Exterior Water Control Methods
Different waterproofing design and installation approaches were used at the roof and interior slurry walls. Elevator and escalator pit foundations attached to the exterior of the slurry walls were waterproofed by conventional below grade techniques. The roof system is a barrier membrane designed with redundancy in mind. A two-sided bentonite sheet was placed directly on the concrete roof slab substrate and covered with an Evaloy based PVC heat welded membrane to create a seamless top layer of waterproofing. The combination of composite bentonite and PVC sheet created a high performance, reliable, self-sealing system. Drainboard was placed over the composite sheet system to allow excess groundwater to drain away that filters through the earth cover.
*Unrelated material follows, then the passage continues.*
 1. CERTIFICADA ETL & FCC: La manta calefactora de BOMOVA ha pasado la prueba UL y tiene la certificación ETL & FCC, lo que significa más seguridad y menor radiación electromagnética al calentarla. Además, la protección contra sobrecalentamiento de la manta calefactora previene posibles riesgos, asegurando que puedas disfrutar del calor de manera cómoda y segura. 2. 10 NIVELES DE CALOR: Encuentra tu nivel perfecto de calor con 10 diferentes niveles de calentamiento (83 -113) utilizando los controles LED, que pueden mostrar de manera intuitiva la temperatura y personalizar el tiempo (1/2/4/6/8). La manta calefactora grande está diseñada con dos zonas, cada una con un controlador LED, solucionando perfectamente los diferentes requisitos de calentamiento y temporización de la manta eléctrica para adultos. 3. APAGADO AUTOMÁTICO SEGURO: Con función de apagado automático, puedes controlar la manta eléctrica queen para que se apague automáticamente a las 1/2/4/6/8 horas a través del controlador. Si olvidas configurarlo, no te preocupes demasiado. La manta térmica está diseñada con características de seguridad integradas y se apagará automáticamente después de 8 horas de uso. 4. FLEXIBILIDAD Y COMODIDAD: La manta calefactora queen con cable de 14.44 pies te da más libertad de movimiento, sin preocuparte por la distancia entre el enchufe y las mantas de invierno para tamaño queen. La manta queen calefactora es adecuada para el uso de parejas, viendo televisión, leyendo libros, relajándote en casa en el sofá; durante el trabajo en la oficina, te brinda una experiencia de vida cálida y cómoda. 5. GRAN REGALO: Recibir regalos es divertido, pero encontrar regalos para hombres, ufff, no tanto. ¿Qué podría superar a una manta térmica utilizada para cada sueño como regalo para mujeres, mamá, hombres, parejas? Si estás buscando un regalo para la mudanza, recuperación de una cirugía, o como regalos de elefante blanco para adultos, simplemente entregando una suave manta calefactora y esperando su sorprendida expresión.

Interior Water Control Methods
An interior water management system was used over the station slurry walls versus a standard barrier approach on the exterior. This negative side, multi-layer system included a dimple sheet drainage layer that channels water down to a drainage system along the floor edge. The dimple sheet layer is covered by a reinforced, heat welded polypropylene membrane to create a monomlythic top layer. This system is then covered by metal studs, drywall, and painted.
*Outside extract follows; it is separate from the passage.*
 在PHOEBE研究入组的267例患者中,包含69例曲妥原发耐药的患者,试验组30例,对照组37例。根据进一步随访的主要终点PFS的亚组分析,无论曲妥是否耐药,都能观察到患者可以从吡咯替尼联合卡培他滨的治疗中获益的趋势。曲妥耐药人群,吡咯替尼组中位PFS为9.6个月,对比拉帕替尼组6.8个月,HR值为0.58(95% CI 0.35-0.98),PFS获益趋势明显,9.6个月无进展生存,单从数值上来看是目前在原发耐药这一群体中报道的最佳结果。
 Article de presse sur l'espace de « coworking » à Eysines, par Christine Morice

These membrane systems were used primarily because of their flexibility and high puncture and tear strengths. The membranes also have a high hydrocarbon resistance to chemicals while maintaining their flexibility, which was considered a big benefit for this specific application and allowed the waterproofing to be installed immediately after the roof and walls were cast.
PULLMAN and STRUCTURAL TECHNOLOGIES worked seamlessly together to improve the original design’s constructability and performance. This helped the general contractor stay on track with this fast-paced, unique, top-down approach to construction. The station began operation in early 2016 — months earlier than previously scheduled.